*** Opening of Record extracts ***

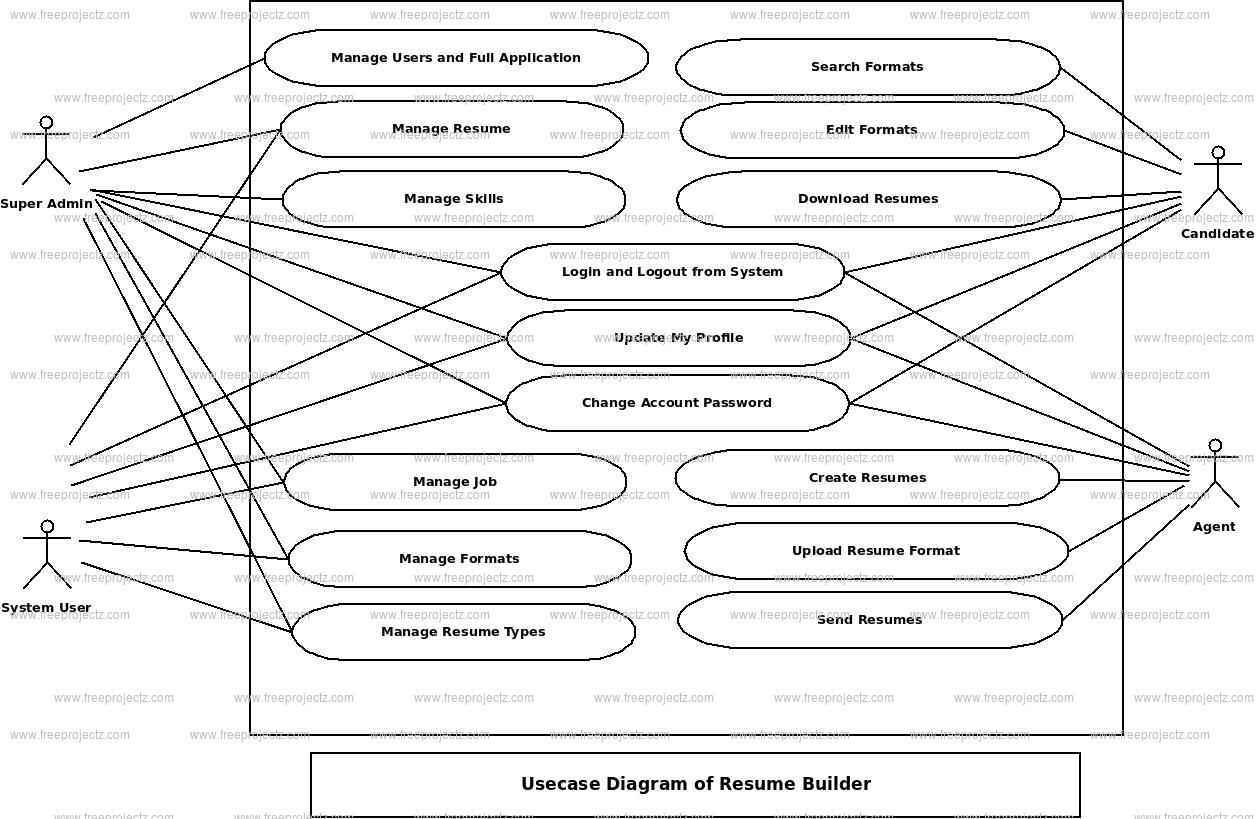 This Use Case Diagram is a graphic depiction of the interactions among the elements of Resume Builder. It represents the methodology used in system analysis to identify, clarify, and organize system requirements of Resume Builder. The main actors of Resume Builder in this Use Case Diagram are: Super Admin, System User, Agent, Candidate, who perform the different type of use cases such as Manage Resume, Manage Skills, Manage Job, Manage Formats, Manage Resume Types, Manage Users and Full Resume Builder Operations. Major elements of the UML use case diagram of Resume Builder are shown on the picture below.
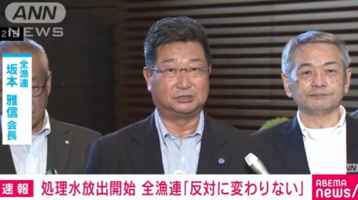 當(dāng)?shù)貢r(shí)間24日下午,針對(duì)福島核污染水被正式排入大海,日本全國(guó)漁業(yè)協(xié)會(huì)聯(lián)合會(huì)(全漁聯(lián))表示:“反對(duì)核污染水排海的立場(chǎng),沒有絲毫改變”。圖片來源:日本朝日電視臺(tái)視頻截圖
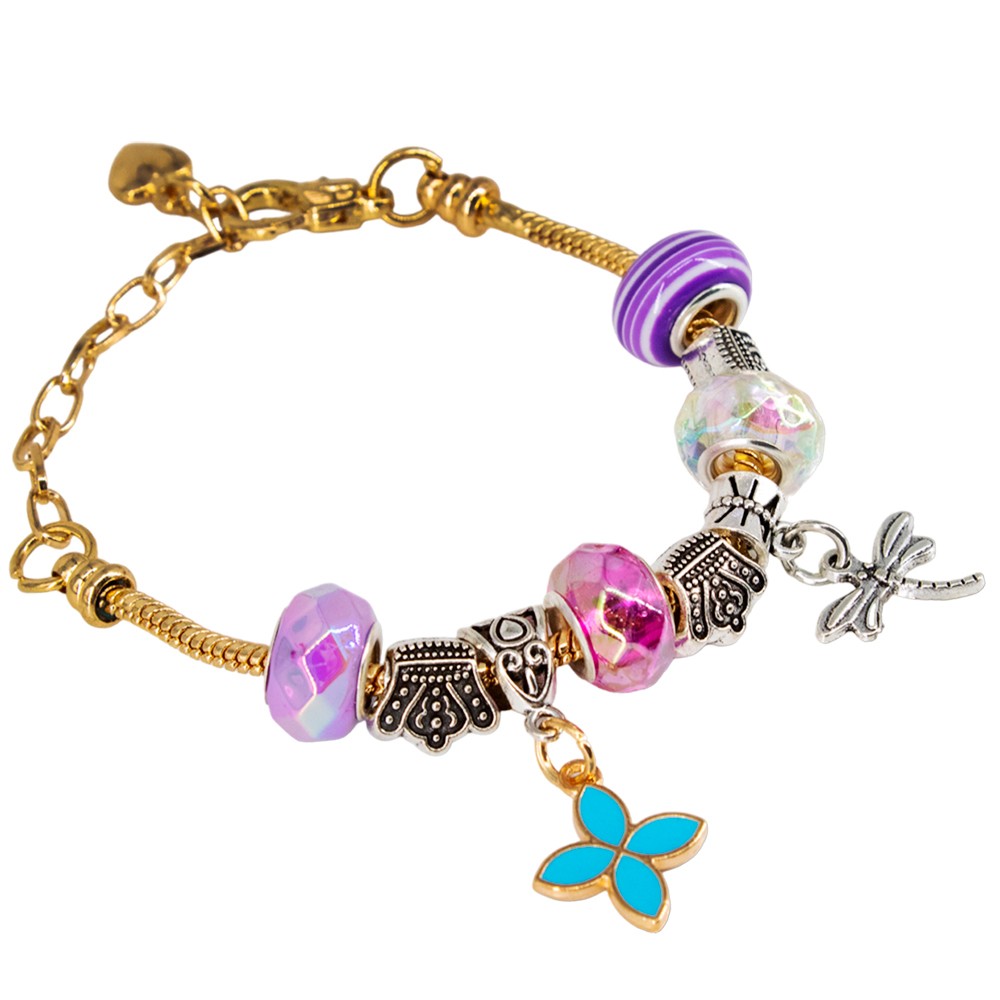 Браслет имеет стильный дизайн и будет аккуратно смотреться на ручке. Изделие украшено разноцветными шармами и оригинальными кулонами-подвесками. Застегивается на крепкий замочек. Носить браслет можно с любой одеждой.
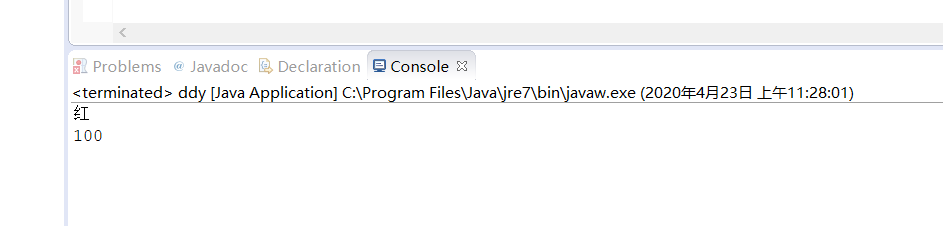 System.out.println("颜色为"+color);
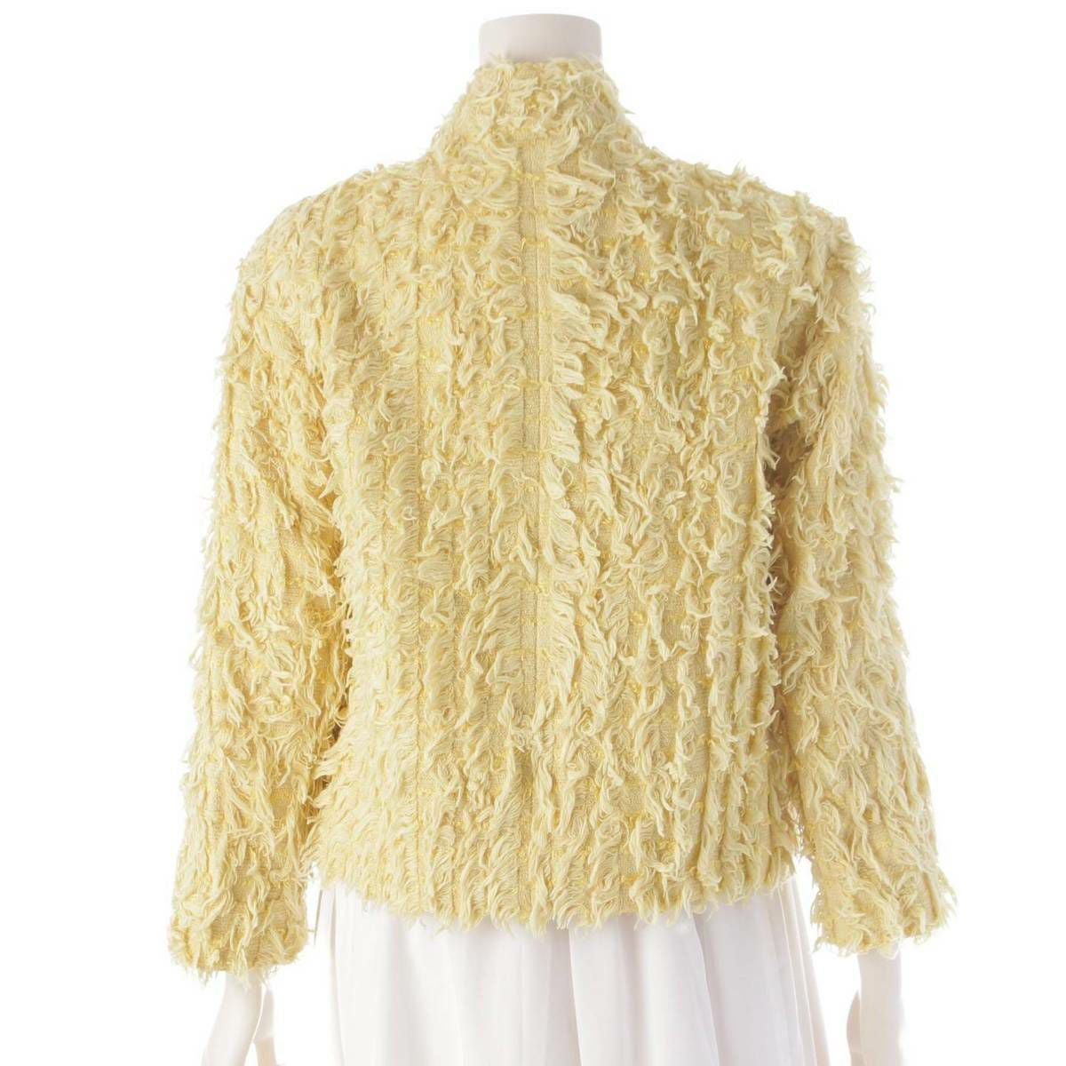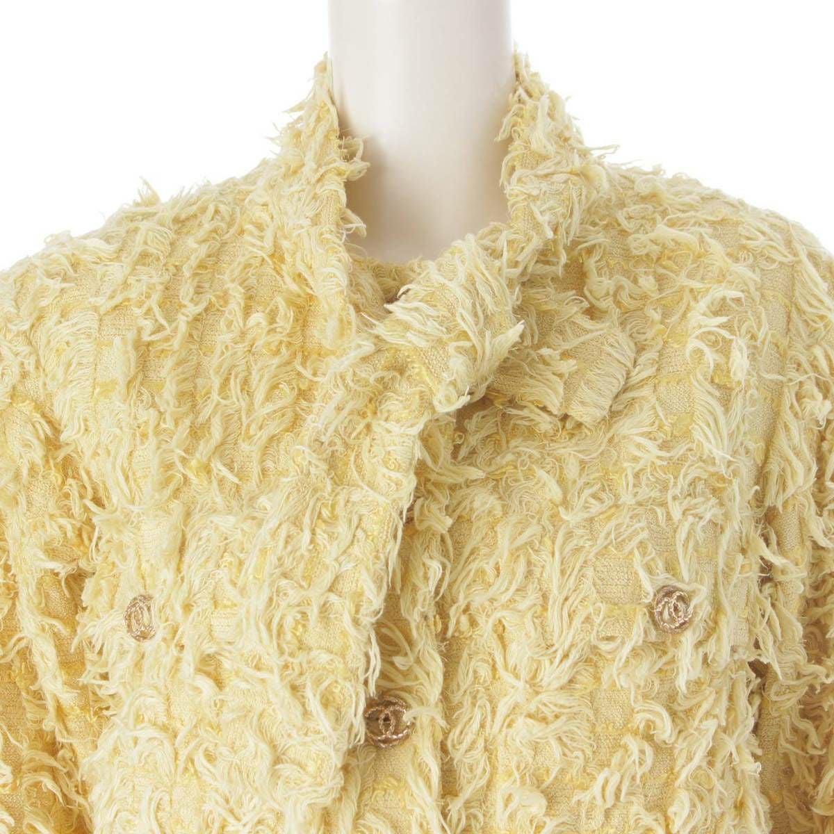 シャネル 21C ココマークボタン 4ポケット ボウタイ ツイード ジャケット P70022 イエロー 34
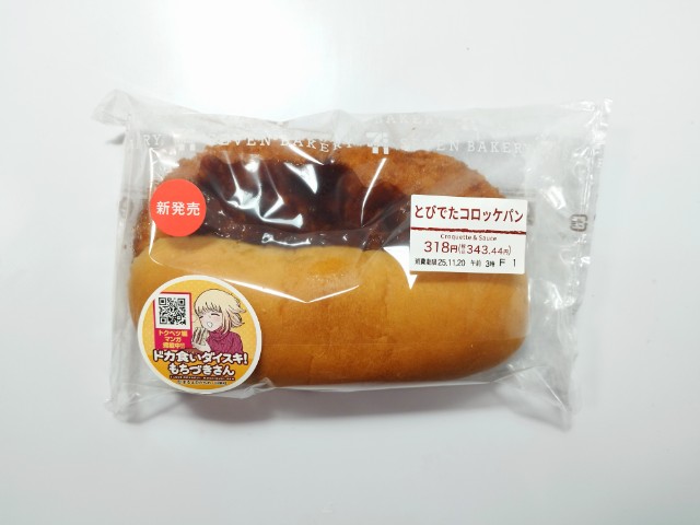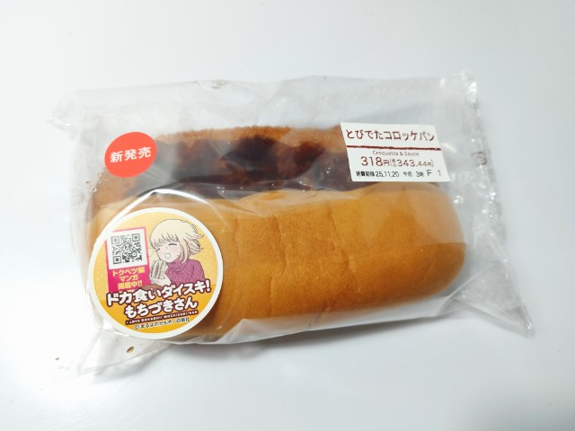 特大コロッケを挟んだ惣菜パンです。セブンイレブンでは11月18日から「ドカ食いダイスキ! もちづきさん」コラボ第2弾を開催していて、今回の商品もその対象商品の一つとなっています。そんなとびでたコロッケパンですが、生地はふんわりとした食感と歯切れの良さで、安定の美味しさです。特大コロッケの衣はサクッとした食感とソースの甘味、中のじゃがいもはホクホクとした食感で、食べ応え抜群です。大きさは普通のコロッケパン2個分くらいなので、ガッツリ食べたい方にはピッタリだと思います。ぜひとびでたコロッケパンを食べてみて下さい。
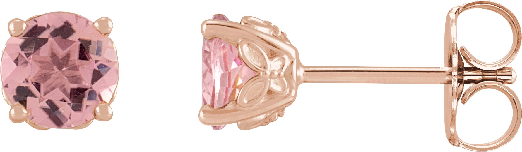 88123 / 14K Rose / Set / Round / Natural Pink Tourmaline / Pair / 6 Mm / Friction / Friction Backs Included / 4-Prong / Polished / Natural Pink Tourmaline 4-Prong Basket Earrings

*** Close of Record extracts ***

### Task item
Starting with the line that contains "特大コロッケを挟んだ惣菜パン", repeat each line exactly through the last line of the data above, and nothing more; the pictures stay out.

### Written response
 特大コロッケを挟んだ惣菜パンです。セブンイレブンでは11月18日から「ドカ食いダイスキ! もちづきさん」コラボ第2弾を開催していて、今回の商品もその対象商品の一つとなっています。そんなとびでたコロッケパンですが、生地はふんわりとした食感と歯切れの良さで、安定の美味しさです。特大コロッケの衣はサクッとした食感とソースの甘味、中のじゃがいもはホクホクとした食感で、食べ応え抜群です。大きさは普通のコロッケパン2個分くらいなので、ガッツリ食べたい方にはピッタリだと思います。ぜひとびでたコロッケパンを食べてみて下さい。
 88123 / 14K Rose / Set / Round / Natural Pink Tourmaline / Pair / 6 Mm / Friction / Friction Backs Included / 4-Prong / Polished / Natural Pink Tourmaline 4-Prong Basket Earrings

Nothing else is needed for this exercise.